Imagine se o mundo fosse contaminado por uma epidemia de sinceridade e que durante uma semana as pessoas falassem todas as pequenas verdades indizíveis que lhe viessem a cabeça? Desde coisas bestas do tipo “é, realmente tu tá muito gorda e essa roupa não cai bem” e “amiga, escova melhor os dentes porque tu tá com um bafo mortal” até verdades mais delicadas, como “brother,eu confesso que eu comi a tua namorada ano passado”, “querida sogra, tu és mesmo uma megera” ou mesmo aquela facada no coração com “amor, eu tenho uma amante gostosinha com a metade da tua idade!”.
Quantas famílias desfeitas. Quantas amizades despedaçadas. Quantas relações fragilizadas pela sinceridade!
Mas peraí. Desde pequenininho a gente aprende que é honroso ser honesto, sincero. Que a sinceridade constrói um mundo melhor e que devemos usar esta característica para com as pessoas que amamos. Que sinceridade é sinônimo de confiança e que é melhor que a mentira, ocultação e todas essas coisas.

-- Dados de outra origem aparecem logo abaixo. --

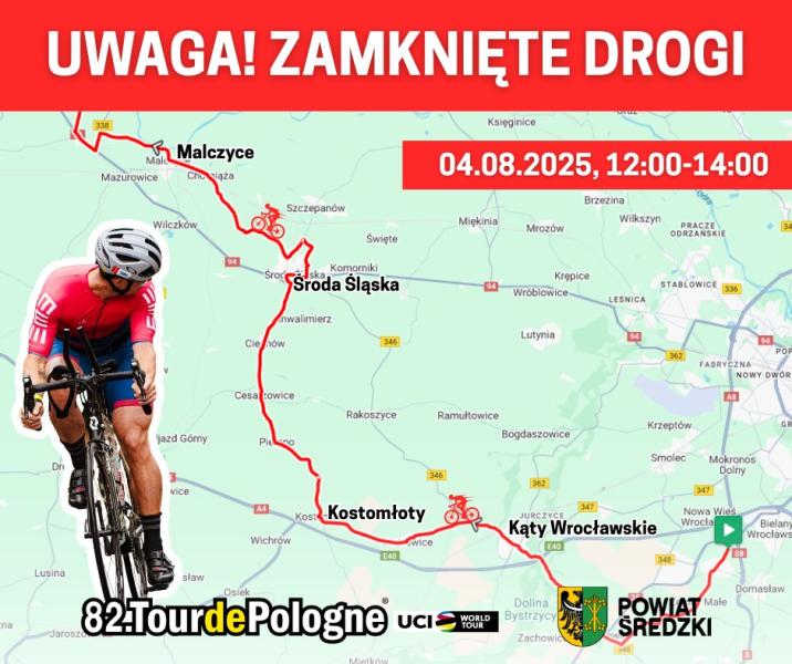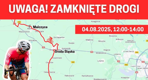 4 sierpnia w godzinach 12:00–14:00 na całej trasie przejazdu mogą występować utrudnienia i całkowite zamknięcia dróg.
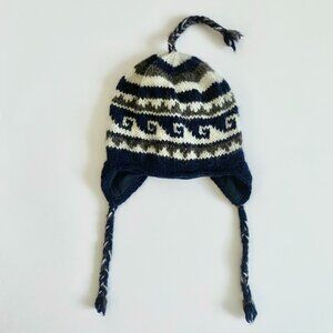 Fisherman Core Nepal Wool Ear Flap Knit Hat Toque Navy White Cottage Grandma
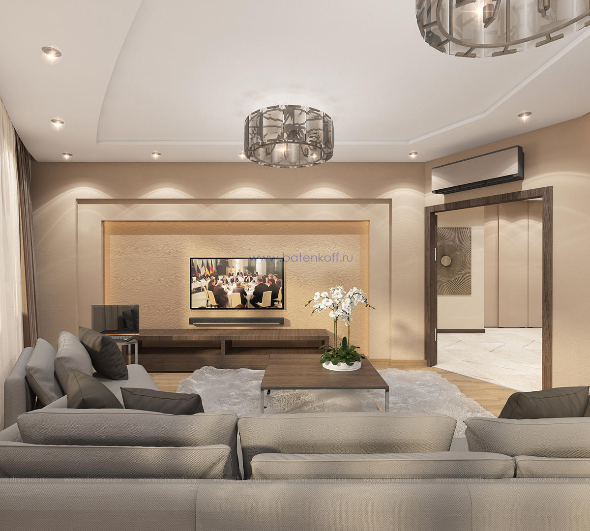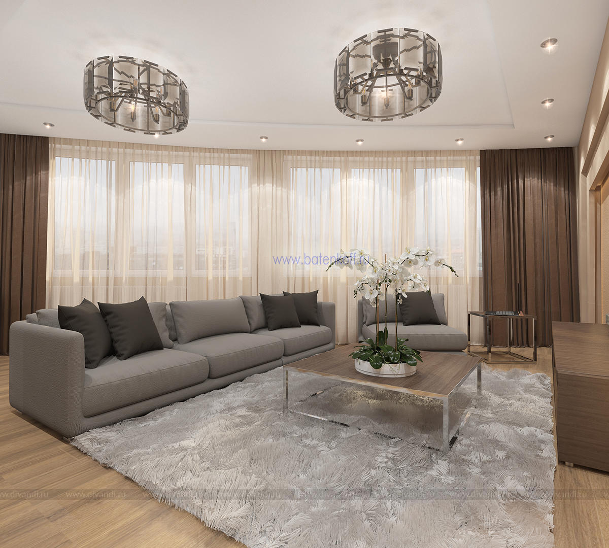 Мягкие, светлые оттенки наряду с лаконичными, прямыми линиями, характерными для современного стиля, добавляют интерьеру данной квартиры простора, воздушности, света. Планировка квартиры – классическая, выполнено четкое зонирование помещений: спальная комната, гостиная с кухней, ванная и гостевой санузел. Все материалы, использованные в отделке – натуральные и высококачественные. Элитная мебель, авторские предметы интерьера также выполнены из природных материалов – дерева, металла, камня, натуральных тканей.

É, mas o que esquecem de ensinar é como ser sincero, já que nem todo mundo está preparado pra ouvir uma verdade e nem pra dizer uma verdade sem precisar ferir.
A sinceridade é ambígua. Dependendo do jeito que a coisa for dita pode descair na indiscrição ou até mesmo no egoísmo. Discussões sobre o limite da sinceridade são muito delicadas. Apontar a dupla face do ato de ser sincero pode parecer uma justificativa plausível para mentir, omitir, etc. Mas atire a primeira pedra os 'poços de sinceridade' que volta e meia omitem alguma opinião pra evitar uma saia justa.
Tanto quem mente quanto quem é verdadeiro conhece o peso e as conseqüências que a falta e o excesso de sinceridade podem trazer. Carregam a verdade oculta sobre a sinceridade dentro de si. Verdade que torna a própria sinceridade contraditória.
Ah, aquelas pequenas verdades que não se contam! Seja para não criar mal estar ou não se constranger. Belo dia eu resolvi quebrar o tabu e testar o limite da sinceridade. Não era nada de espetacular, coisa pequena, mas que exigia certa coragem para ser dita. Foi no tempo de um suspiro. Tudo estava dito. Nem doeu tanto assim, a não ser pelo meu final de semana que foi por água abaixo.
Depois a burrada da sinceridade, me senti uma idiota. Mais tarde constatei: o ato de ser sincero é como uma descarga de tensão. O indivíduo joga o pepino pra cima do outro e espera que ele entenda numa boa e o ovacione pelo ato heróico de ter sido sincero. E depois da coisa dita, ainda mais quando é coisa besta, a gente vê quão desnecessário ter dito aquela verdadinha. Não estou dizendo aqui que eu sou a favor da desonestidade, olha lá. É só que pequenas verdades talvez não necessitem virar uma tragédia grega. Elas podem brotar naturalmente sem parecer ser algo extraordinário.
Quanto as grandes verdades, eu não sei. O ideal mesmo era nem por os pés em uma situação absurda de mentira. Pra tentar se limpar depois é difícil. E a verdade não vem em forma de alivio pra quem diz, como nas pequenas verdades. Dependendo do que for e como for dito, essa grande verdade pode causa muita dor ao outro, se tornando apenas um ato de egoísmo de quem foi sincero.
Seria ótimo se a sinceridade não fosse ambígua. Evitaria que a gente vivesse envolto em meias verdades e mentiras sinceras. Melhor ainda seria se as pessoas se compreendessem melhor, que não deixassem um ato, um sentimento ou uma observação se tornarem algo maiores do que suas próprias pernas para enfim compartilhar com o outro. Mas já que as coisas não são bem assim, antes que o mundo- e se o mundo um dia- for 'assolado' pela epidemia da sinceridade é bom que as pessoas aprendam a dizer a verdade da melhor maneira possível.